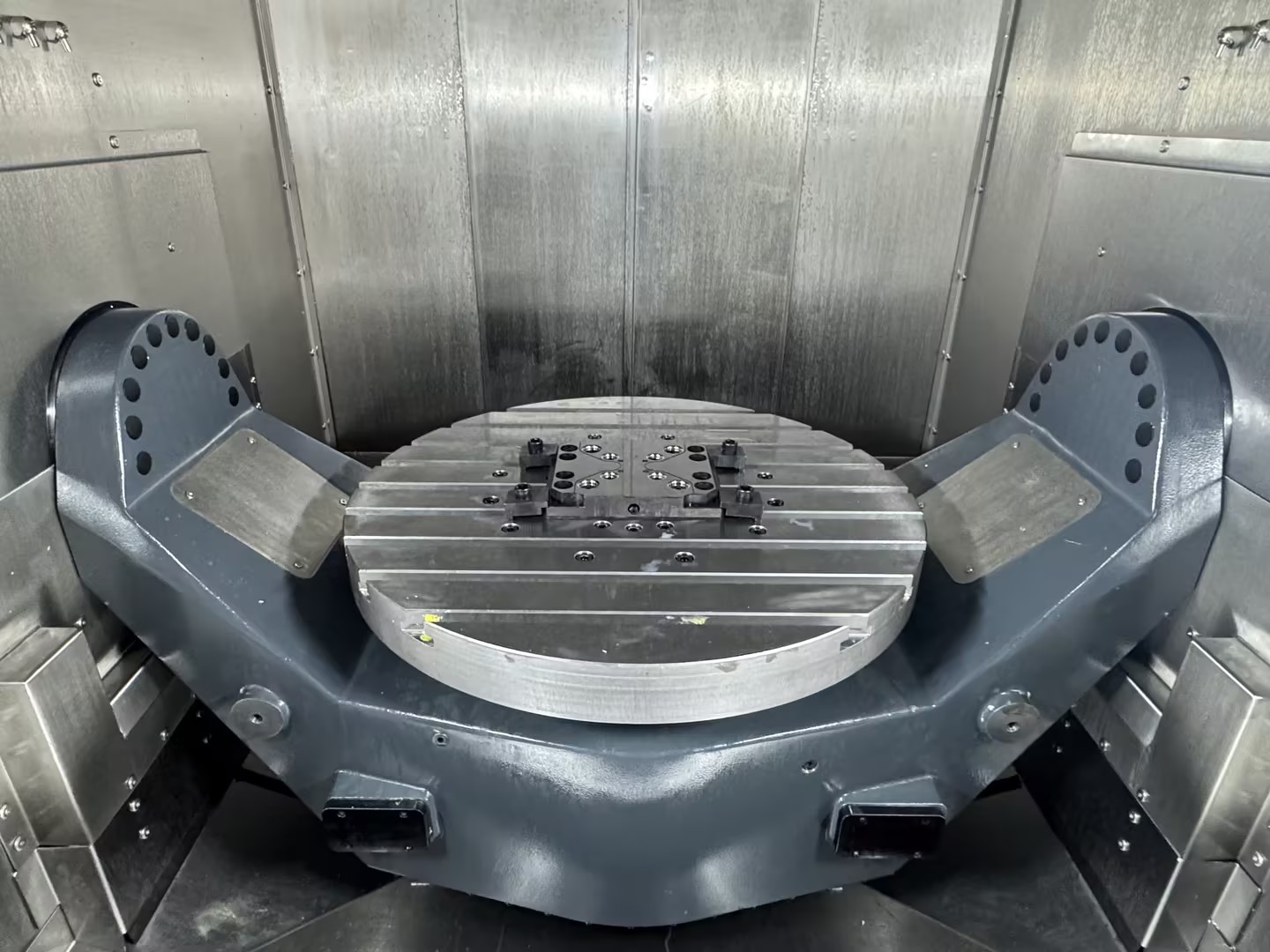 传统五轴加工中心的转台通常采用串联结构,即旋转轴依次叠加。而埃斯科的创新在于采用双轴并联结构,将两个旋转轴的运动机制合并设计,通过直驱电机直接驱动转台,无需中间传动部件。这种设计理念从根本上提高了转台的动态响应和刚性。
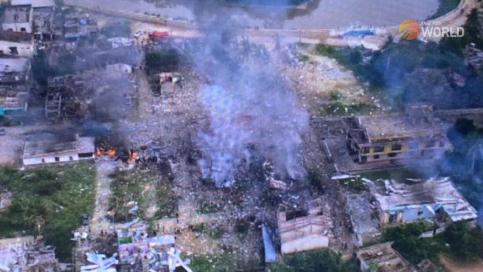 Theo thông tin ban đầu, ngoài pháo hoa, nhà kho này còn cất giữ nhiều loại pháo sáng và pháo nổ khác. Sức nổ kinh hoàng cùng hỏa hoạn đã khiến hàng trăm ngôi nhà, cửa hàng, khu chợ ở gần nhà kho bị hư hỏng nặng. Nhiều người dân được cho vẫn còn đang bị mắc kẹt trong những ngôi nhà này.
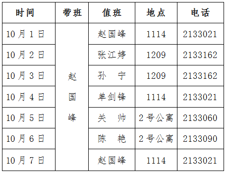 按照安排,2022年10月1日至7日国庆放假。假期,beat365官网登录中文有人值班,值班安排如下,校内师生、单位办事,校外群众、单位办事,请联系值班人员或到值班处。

=====

## DIRECTIONS FOR THIS TASK
Give back the full listing word for word, with the pictures left out.

## TASK RESPONSE
 传统五轴加工中心的转台通常采用串联结构,即旋转轴依次叠加。而埃斯科的创新在于采用双轴并联结构,将两个旋转轴的运动机制合并设计,通过直驱电机直接驱动转台,无需中间传动部件。这种设计理念从根本上提高了转台的动态响应和刚性。
 Theo thông tin ban đầu, ngoài pháo hoa, nhà kho này còn cất giữ nhiều loại pháo sáng và pháo nổ khác. Sức nổ kinh hoàng cùng hỏa hoạn đã khiến hàng trăm ngôi nhà, cửa hàng, khu chợ ở gần nhà kho bị hư hỏng nặng. Nhiều người dân được cho vẫn còn đang bị mắc kẹt trong những ngôi nhà này.
 按照安排,2022年10月1日至7日国庆放假。假期,beat365官网登录中文有人值班,值班安排如下,校内师生、单位办事,校外群众、单位办事,请联系值班人员或到值班处。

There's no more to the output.